Tableaux de bord et âme humaine
Brève

Tableaux de bord et âme humaine

Une sorte de grand remplacement télévisé : en un instant, les spécialistes de l'âme humaine

remplacèrent sur les plateaux de l'info continue ceux de la sécurité aérienne. L'instant d'avant, on parlait cockpits, trajectoires, météo, on calculait en milliers de pieds, on faisait du rase-mottes sur les tableaux de bord.
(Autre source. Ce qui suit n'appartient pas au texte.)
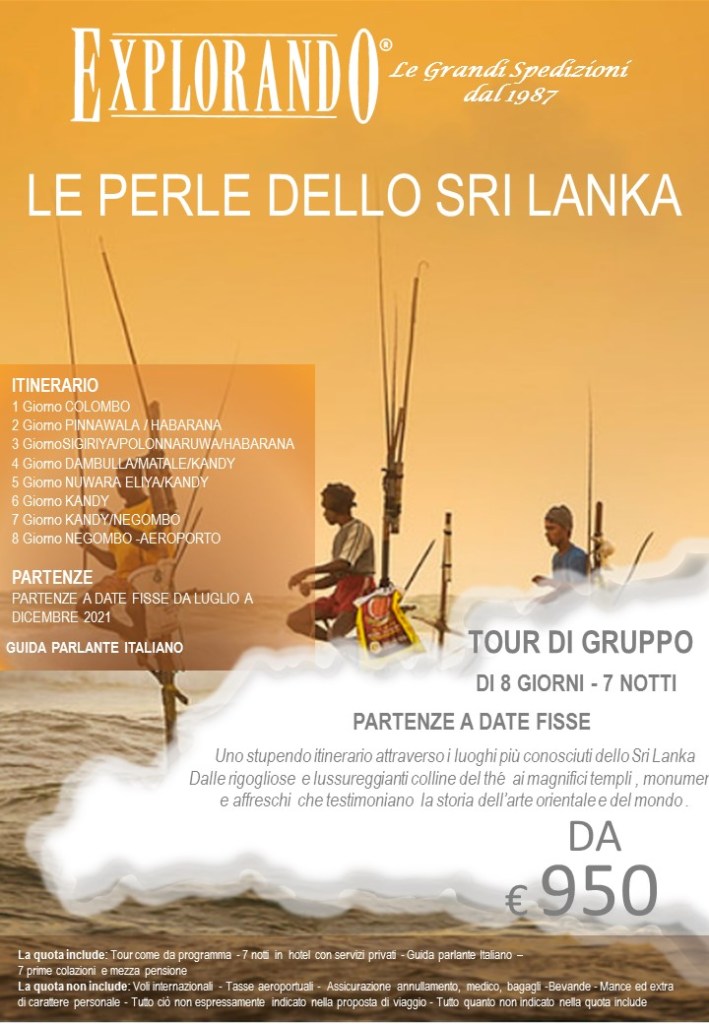 Partenza garantita OGNI SABATO da Colombo – minimo 2 partecipanti

Dès que le procureur de Marseille eût raconté dans le détail, dans une conférence de presse-happening assez inédite dans les annales de la communication judiciaire, l'acte fou du copilote de l'A320 Andreas Lubitz, confirmant les fuites dans la presse le matin même, le Suicide s'installa en maître sur les plateaux, avec sa longue traine d'éternelles questions sans réponses. "Professeur Machin, vous êtes chef du service psychiatrique de l'hôpital Bidule, est-il fréquent qu'un suicidaire entraîne avec lui cent cinquante personnes ?"
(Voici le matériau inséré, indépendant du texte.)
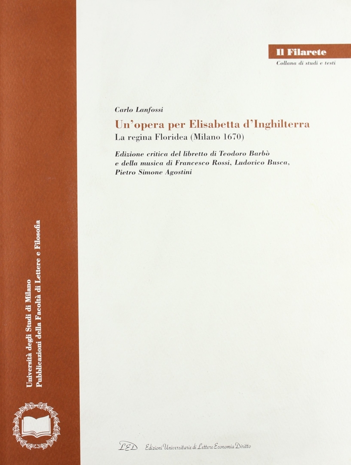 Il mito letterario delle vicende amorose della regina Elisabetta I e del Conte di Essex rivive nel dramma per musica. La regina Floridea, uno tra i pochi esempi superstiti di partiture del teatro d'opera milanese seicentesco. La prima trasposizione drammatica degli intrighi reali inglesi si deve a Coello, il cui Conde de Sex fu oggetto di rielaborazione in area italiana grazie a tre canovacci della Commedia dell'Arte e al dramma La regina statista di N. Biancolelli. Questo sostrato letterario è alla base del libretto della Regina Floridea, il cui autore, finora ignoto, è qui identificato in T. Barbò, mentre gli autori delle musiche sono F. Rossi, L. Busca e P.S. Agostini. L'individuazione di almeno sette riprese in diversi teatri italiani testimonia una duratura fortuna del dramma e pone le basi per una riconsiderazione del pregiudizio storiografico che vede nella Milano spagnola un centro operistico dipendente da Venezia. L'edizione critica del libretto e della partitura è preceduta da un'ampia sezione storico-introduttiva sulla tradizione del soggetto e sulla sua rielaborazione in forma di libretto; fa seguito un'indagine su tutti gli allestimenti rintracciati fra il 1670 e il 1722.| Autore | Carlo Lanfossi |

Les deux catégories de spécialistes, psychiatres et pilotes retraités, se croisèrent-elles au maquillage ? Sciences dures et sciences molles échangèrent-elles des considérations croisées sur les pathologies mentales spécifiques des pilotes ? Ont-elles seulement un langage commun ? Dans les explications embarrassées des compagnies aériennes, depuis hier, sur la difficulté de déceler la tendance dépressive chez un aspirant pilote, on croit bien deviner que non. Chacun son sillon. Chacun son couloir.
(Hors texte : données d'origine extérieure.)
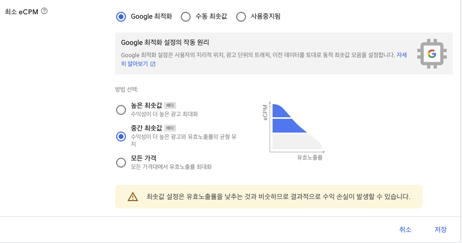 기본적으로는 아무 설정도 하지 않았다면 모든 가격이 기본으로 설정 되어있습니다. 그래프에도 나와있지만 여기서 높은 최솟값을 선택하면 eCPM의 단가가 높은 광고만 받겠다라고 선언하는 것인데, eCPM의 단가가 높아져서 광고 수익이 늘어날수도 있지만 반대로 생각하면 eCPM의 단가가 높지 않은 광고는 받지 않겠다고 선언하는것이니 항상 높은 단가의 광고만 존재할 수 없기에 광고 노출률이 떨어지게 됩니다. 중간 최솟값은 적당한 균형을 찾아서 중간 eCPM 정도 되는것 까지는 광고를 받겠다라고 하는것이구요.

Mais l'histoire n'est pas finie. Car la boîte noire ne dit pas tout. Si elle a capté la respiration de Lubitz jusqu'au bout, elle ne nous dit rien sur son cheminement mental dans les dernières minutes. Fallait-il se livrer, si vite, à tant d'extrapolations ? Les piques à répétition lancées par le procureur, dans sa conférence de presse, contre le Bureau d'Enquêtes et d'Analyses (BEA), qui n'a pas informé assez vite la Justice des résultats de l'écoute de la boîte noire, laissent deviner une féroce bataille en coulisses, entre défenseurs du secret de l'enquête, et ceux de la transparence immédiate. A l'instant où écrit le matinaute, un syndicat de pilotes, le SNPL, vient d'annoncer son intention de porter plainte contre X pour violation du secret professionnel. Etrange plainte, a priori. Entre le risque de la surinformation sur le dossier médical de Lubitz (voir comment Bild, depuis hier, multiplie les révélations sur ses lourds antécédents dépressifs non décelés par la Lufthansa), et celui de la sous-information, quel est le plus considérable ? Ne tranchons pas trop vite.